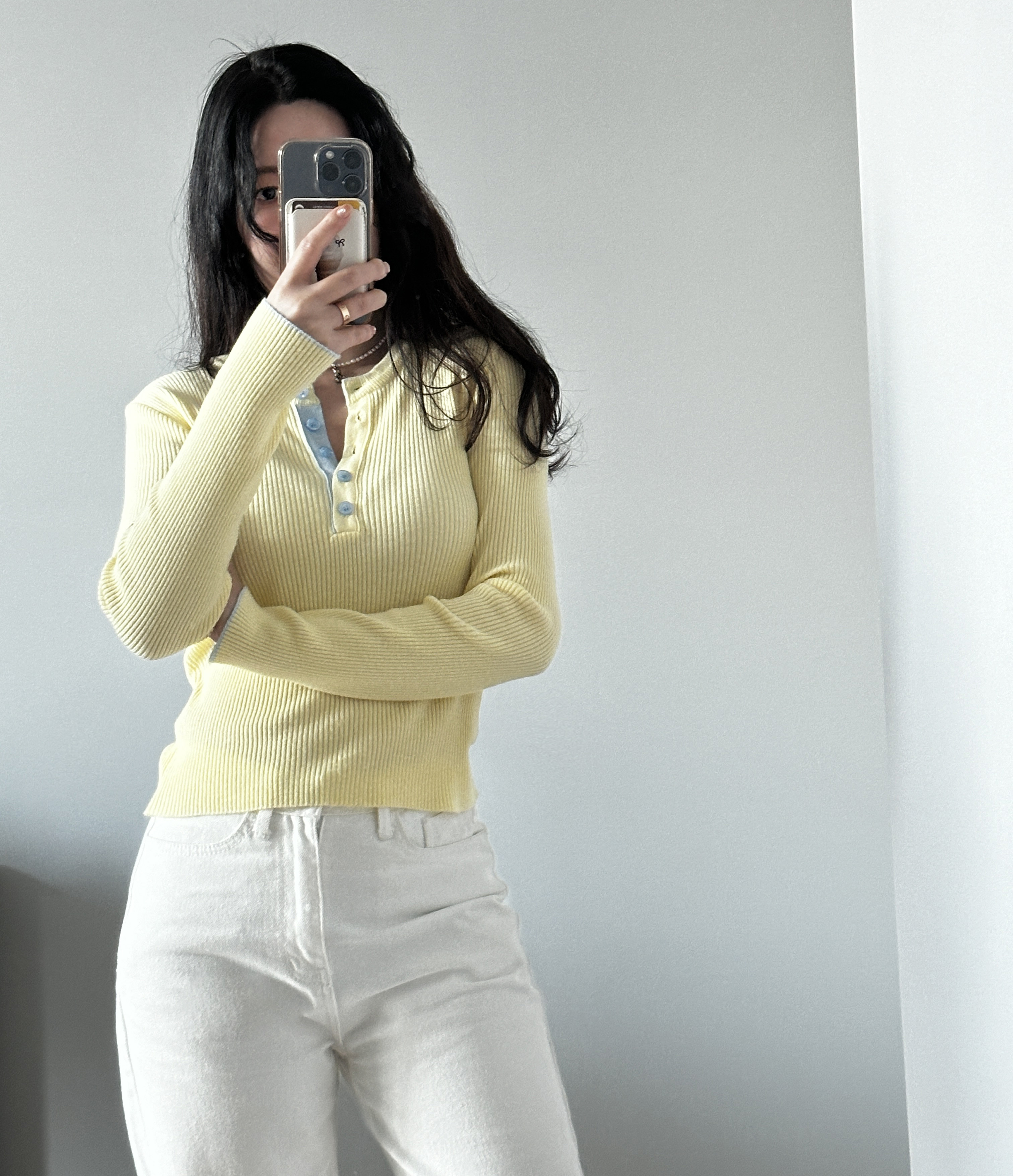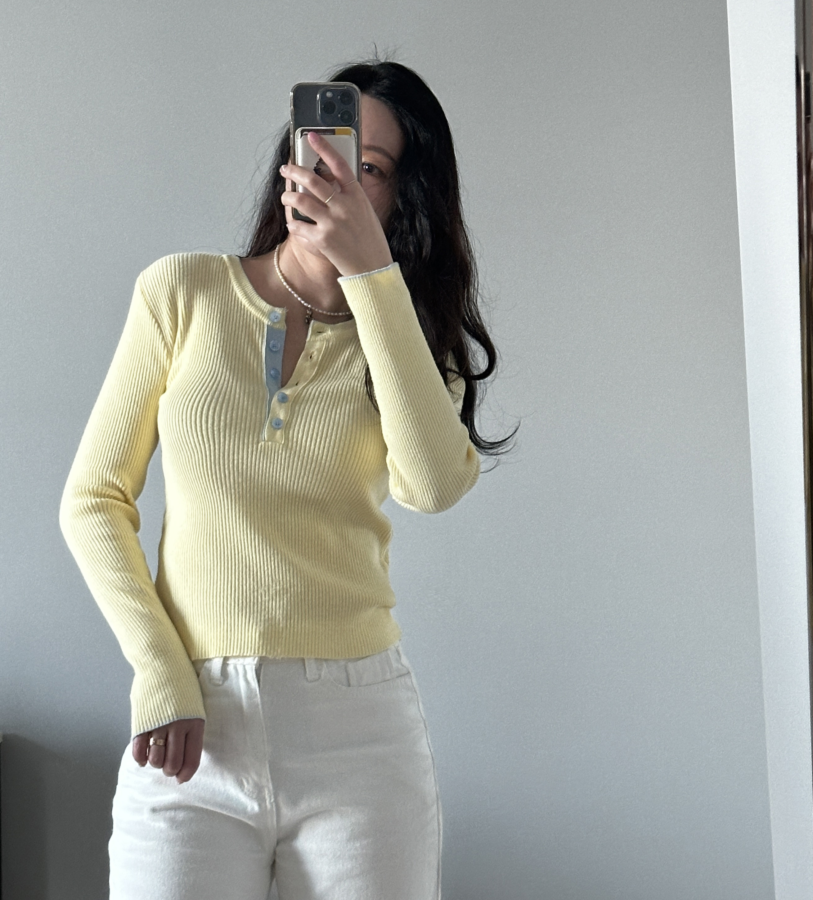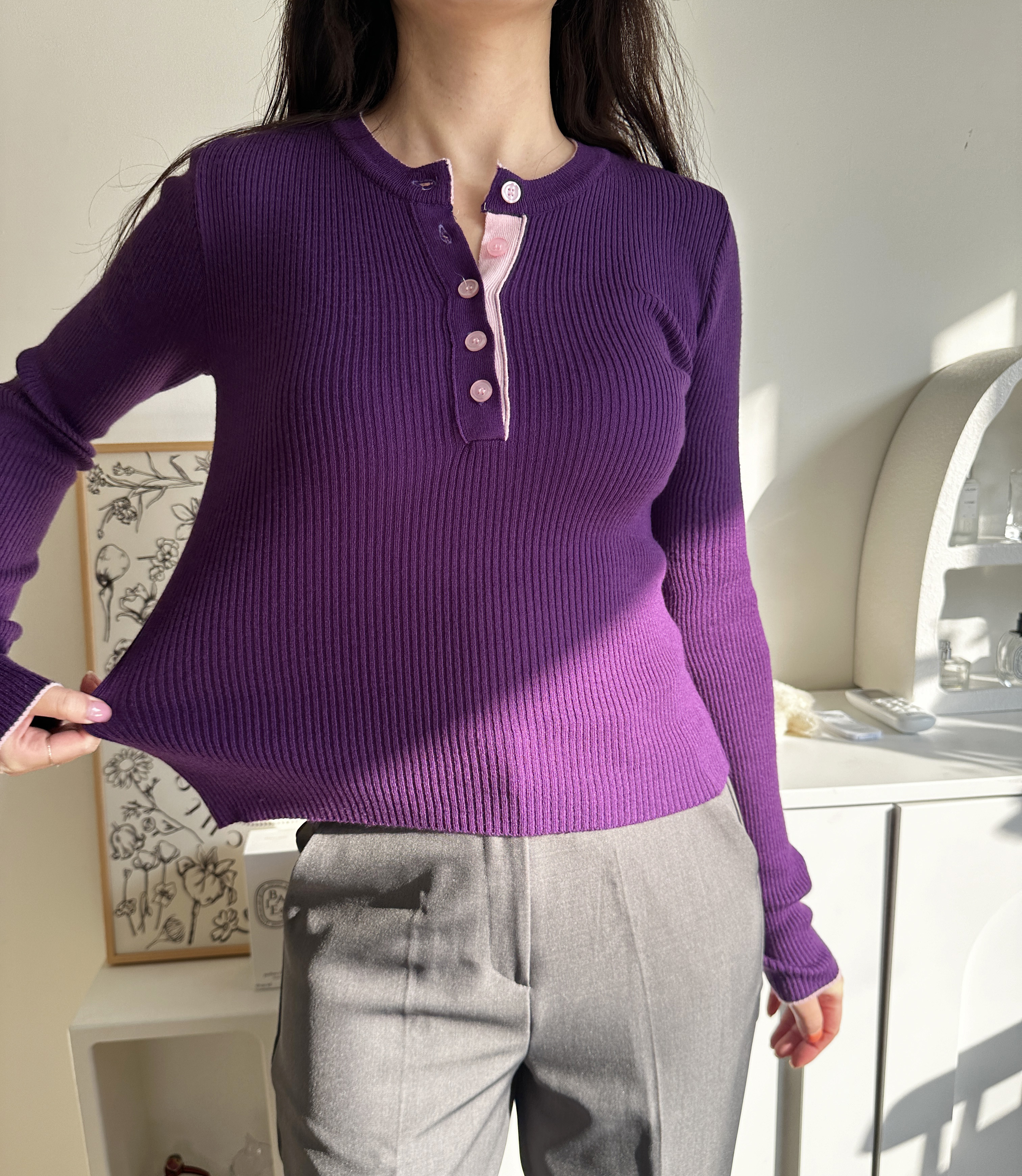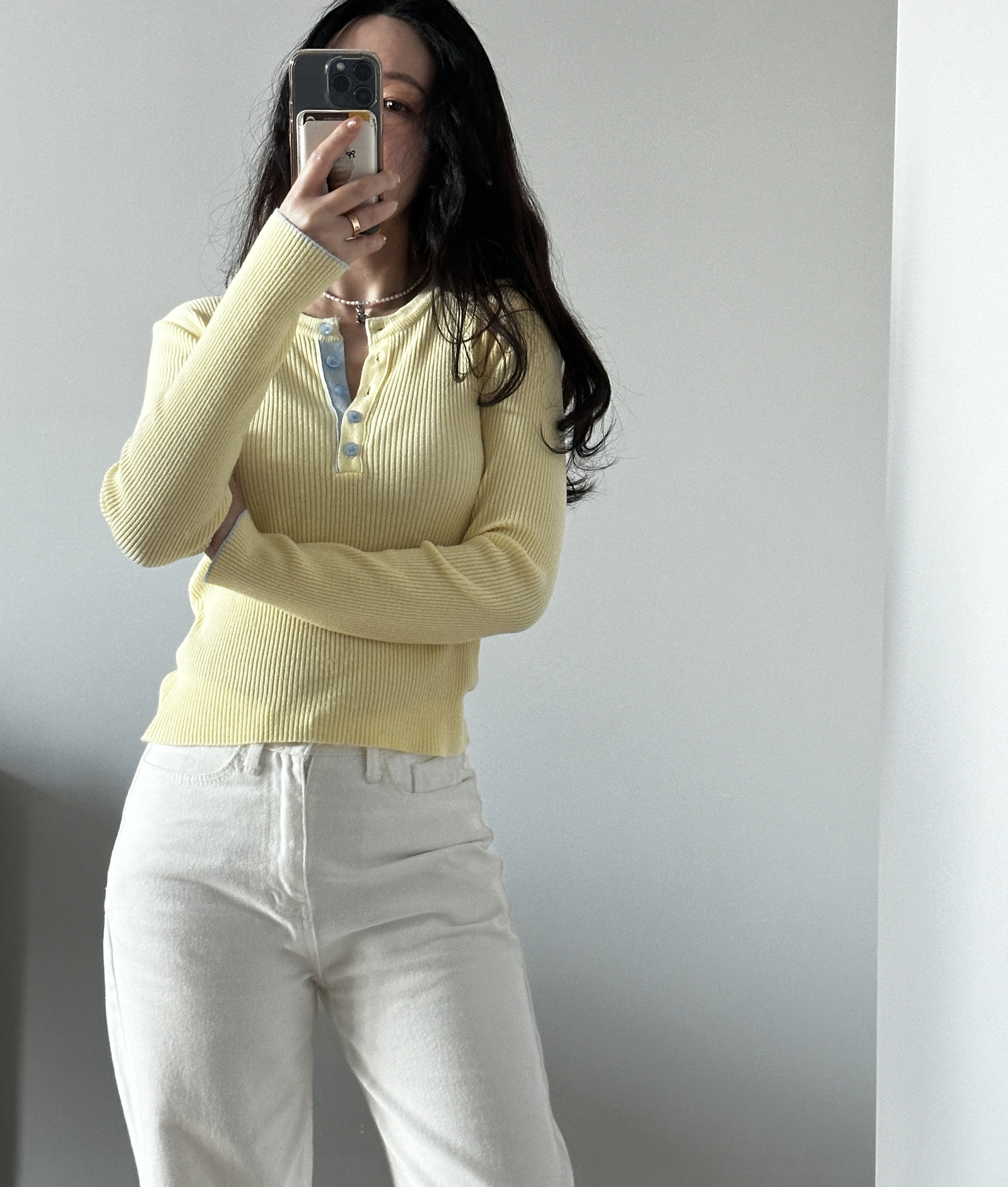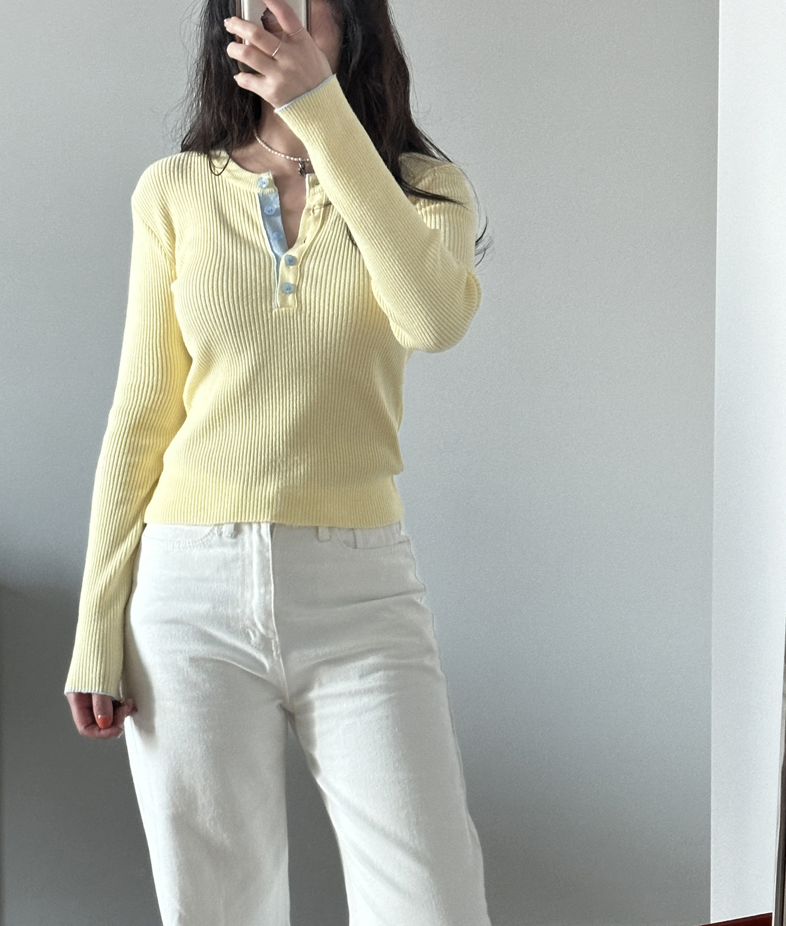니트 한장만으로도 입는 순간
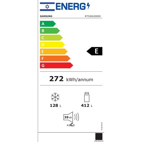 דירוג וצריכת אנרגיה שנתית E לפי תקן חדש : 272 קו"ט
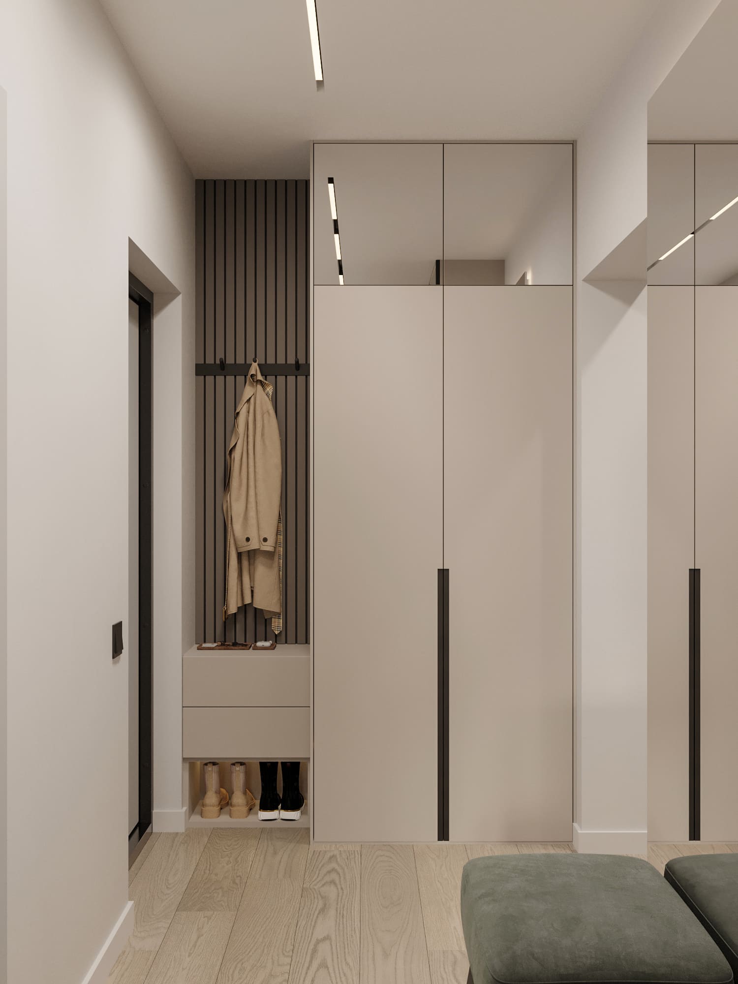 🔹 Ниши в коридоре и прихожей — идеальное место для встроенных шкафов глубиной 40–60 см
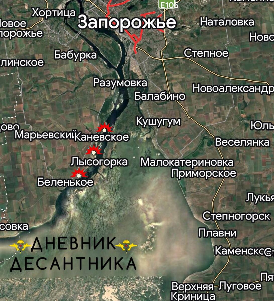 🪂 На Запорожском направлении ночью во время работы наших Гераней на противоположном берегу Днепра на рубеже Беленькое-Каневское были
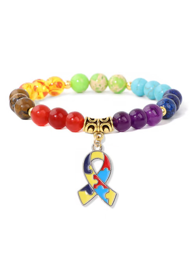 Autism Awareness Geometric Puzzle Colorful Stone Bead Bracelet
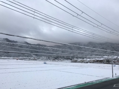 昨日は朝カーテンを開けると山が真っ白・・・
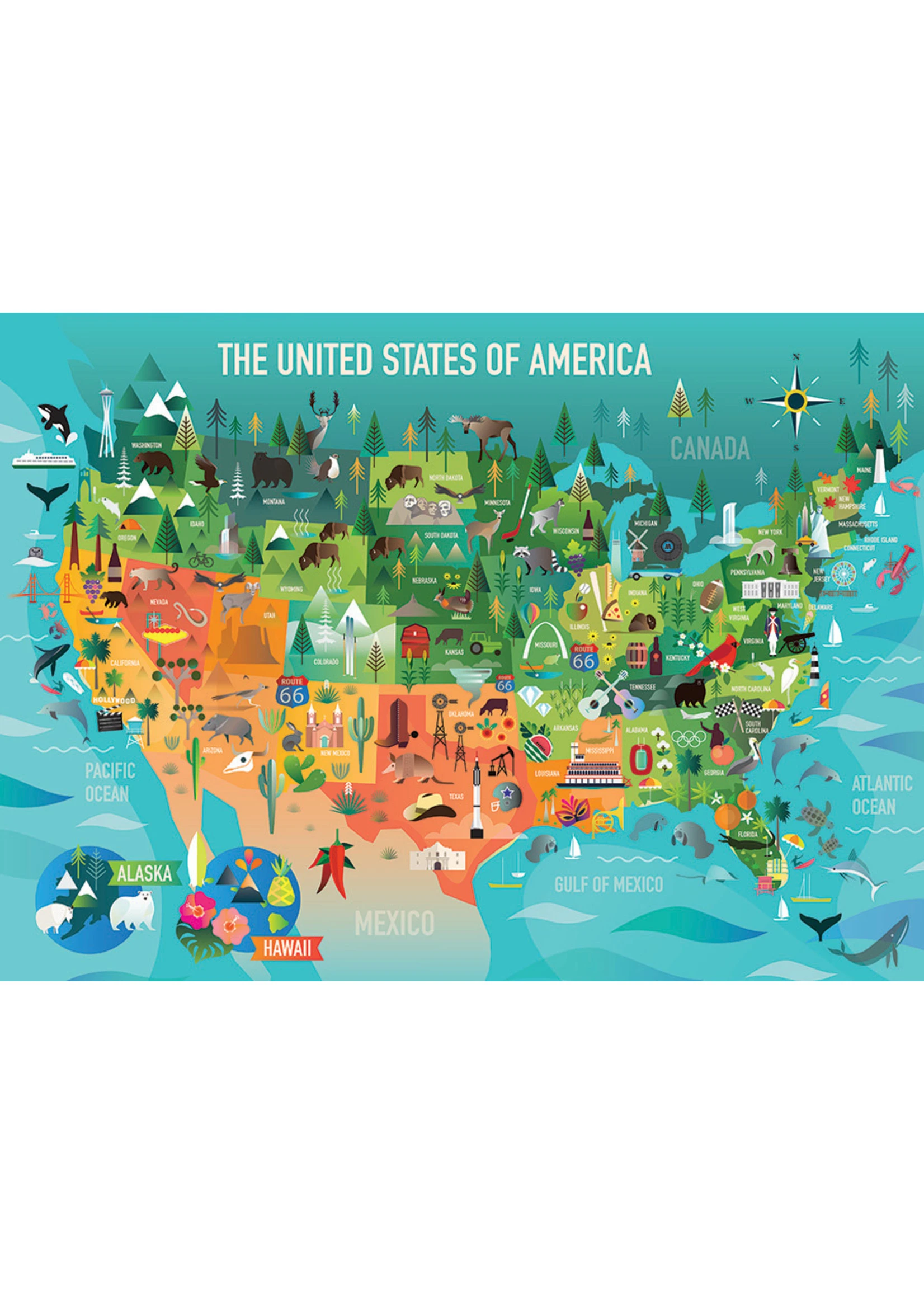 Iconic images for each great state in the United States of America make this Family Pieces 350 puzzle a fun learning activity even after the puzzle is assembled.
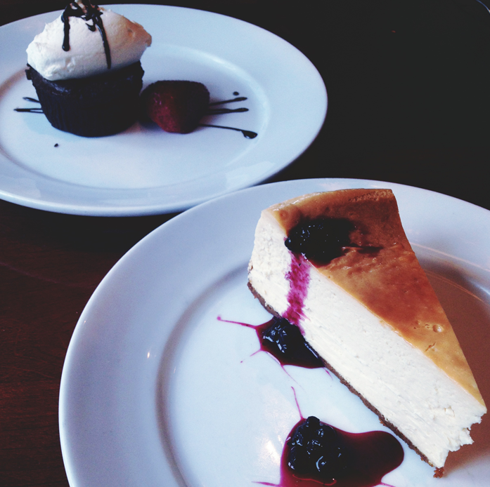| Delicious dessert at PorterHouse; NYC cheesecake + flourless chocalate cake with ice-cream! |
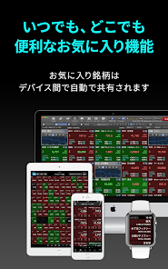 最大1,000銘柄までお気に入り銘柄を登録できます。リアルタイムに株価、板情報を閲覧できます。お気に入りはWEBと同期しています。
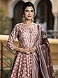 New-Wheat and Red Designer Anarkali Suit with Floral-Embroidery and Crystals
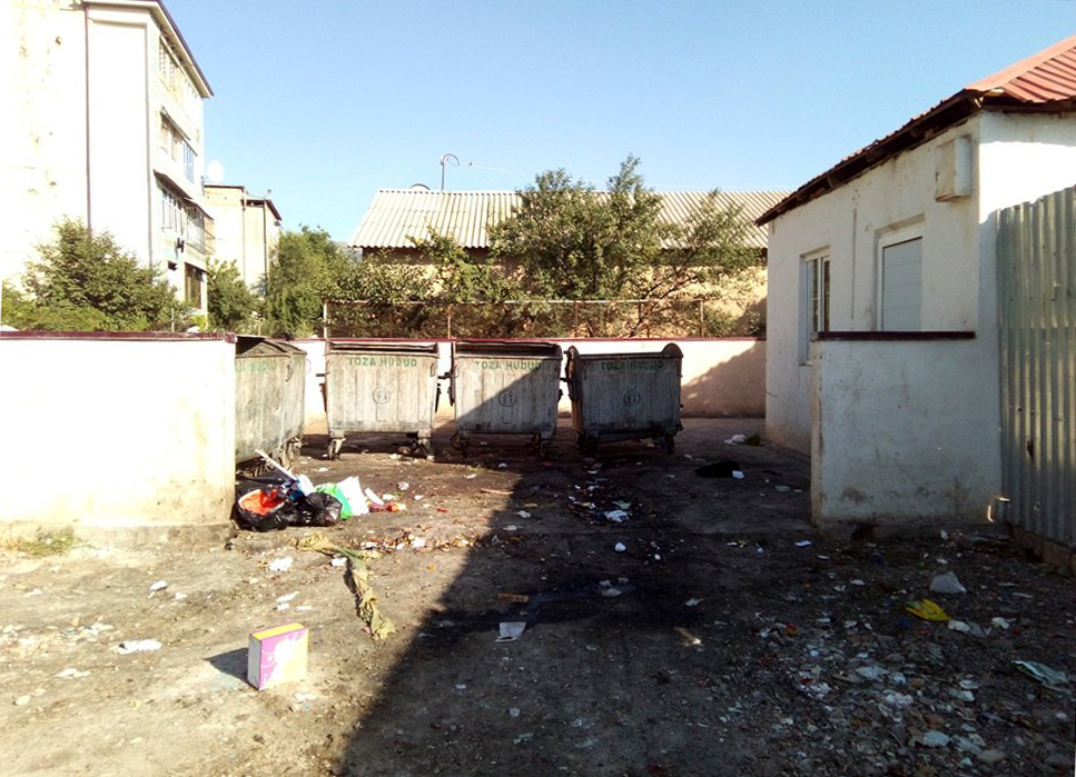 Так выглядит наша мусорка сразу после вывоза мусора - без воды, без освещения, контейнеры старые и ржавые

- - -

**Brief**: The lines from the start of the records above through the line that holds "昨日は朝カーテンを開けると山が真っ白・・・" are to be copied exactly, both ends included, and no pictures are to be copied.

**Task response**:
니트 한장만으로도 입는 순간
 דירוג וצריכת אנרגיה שנתית E לפי תקן חדש : 272 קו"ט
 🔹 Ниши в коридоре и прихожей — идеальное место для встроенных шкафов глубиной 40–60 см
 🪂 На Запорожском направлении ночью во время работы наших Гераней на противоположном берегу Днепра на рубеже Беленькое-Каневское были
 Autism Awareness Geometric Puzzle Colorful Stone Bead Bracelet
 昨日は朝カーテンを開けると山が真っ白・・・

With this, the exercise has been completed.